Reactive Core Contains Cobalt for Highest Purity

TALON Metal Affinity Resin is complexed with cobalt ions that make it highly selective for his-tagged proteins. TALON’s cobalt-containing reactive core has strict spatial requirements—only proteins containing adjacent histidines or specially positioned, neighboring histidines are able to bind. The spatial requirements for nickel-based resins (e.g., Ni-NTA) are less strict—these resins have a much higher affinity for randomly positioned (i.e., non-his-tag) histidines. As a result, TALON resin binds more specifically to his-tagged proteins.

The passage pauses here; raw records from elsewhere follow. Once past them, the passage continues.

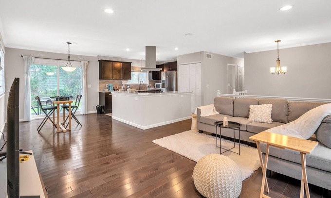 This beautiful luxurious house was renovated in 2017. It is located one mile from the lake close to the park. The beautiful location is surrounded by glamorous water front mansions. The house has 3 bedrooms with two queen sized beds, a twin bed and an air mattress in the basement that can act as a fourth bedroom. It also has an open space living area with full kitchen. It has appliances such as dish washer, washer and dryer, fridge, cooker, over, microwave. It also has a nest thermostat providing good air conditioning throughout the house. You will enjoy your stay.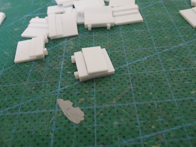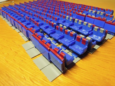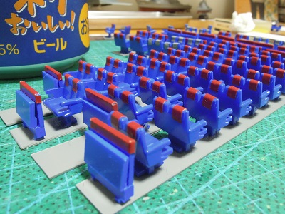 ・車体組立(2023/7/22) マスキングテープで枕カバーを再現します。 塗装したマスキングテープを切出し、1脚ずつ貼り付けて いきます。 なお手前は補助椅子です。 こちらはt-1mmのプラ板から作成しています。 |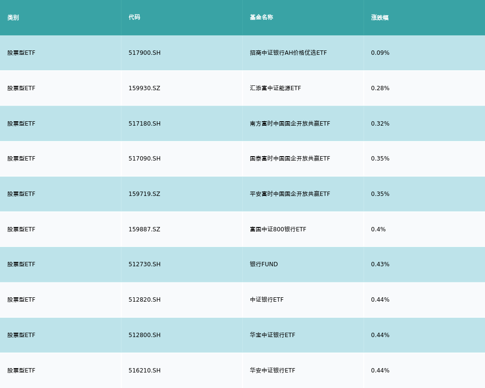 昨日股票型ETF跌幅最大的3支ETF及其收益率分别为:招商中证银行AH价格优选ETF(0.09%)、汇添富中证能源ETF(0.28%)、南方富时中国国企开放共赢ETF(0.32%)。跌幅前10详情见下表:

Uniform Matrix Guarantees Less Contamination

Cobalt-based resins have a more uniform structure than nickel-based resins. TALON resin contains negatively charged reactive sites that form three-dimensional pockets. Each pocket contains three carboxyl groups and one nitrogen atom that collectively bind a single, positively charged cobalt ion—an arrangement that allows the cobalt ion to bind to two adjacent histidine residues. In this configuration, cobalt is bound very tightly and does not leach out of the resin. Nickel-based resins are less homogeneous in structure because nickel ions can form two different coordination complexes: one of which forms a three-dimensional pocket similar to that of the TALON ligand, and a second that forms a planar (flat) structure. In the distorted, planar structure, each nickel ion binds to only two carboxyl groups and one nitrogen atom. As a result, the planar structure binds the nickel ions less tightly, allowing them to leach from the resin. TALON Metal Affinity Resin, with its uniform matrix, provides high affinity binding under a variety of purification conditions, ensuring optimal protein purification.

Choice of Native or Denaturing Purification Conditions

TALON Resin retains its protein binding specificity and yield under a variety of purification conditions. It is stable under both denaturing and native (nondenaturing) conditions (see flow chart). Deciding whether to use native or denaturing purification conditions depends on protein location, solubility, accessibility of the his tag, downstream applications, and preservation of biological activity.

• Native Conditions
  

  Purifying a protein under native conditions (see example) is the most efficient way to preserve its biological activity, but requires that the protein be soluble. Advantages include:

  • Eliminating the renaturation step at the end of the purification, saving time, and preventing significant loss of activity
  • Retaining the ability to copurify enzyme subunits, cofactors, and associated proteins

• Denaturing Conditions
  

  Because proteins that are overexpressed in prokaryotic systems sometimes form insoluble aggregates called inclusion bodies, you may need to purify proteins under denaturing conditions (see example)—using strong denaturants such as 6 M guanidinium or 8 M urea to enhance protein solubility. Advantages include:

  • Complete solubilization of inclusion bodies and his-tagged proteins
  • Improved binding to the matrix and reduced nonspecific binding, due to full exposure of the his tag

His-tagged proteins purified under denaturing conditions can be used directly in subsequent applications, or may need to be renatured and refolded. Protein renaturation and refolding can be performed prior to elution from the column. However, yields of recombinant proteins will be lower than under native conditions, because urea and guanidinium molecules compete with histidines for binding to metal.

Use of Reducing Agents

Purification with TALON Resin may be carried out in the presence of β-mercaptoethanol (see example), but not DTT or DTE, to preserve reduced sulfhydryl (-SH) groups that are important for the biological activity and structure of a given protein. TALON provides higher yields than Ni-NTA (see example) in the presence of β-mercaptoethanol.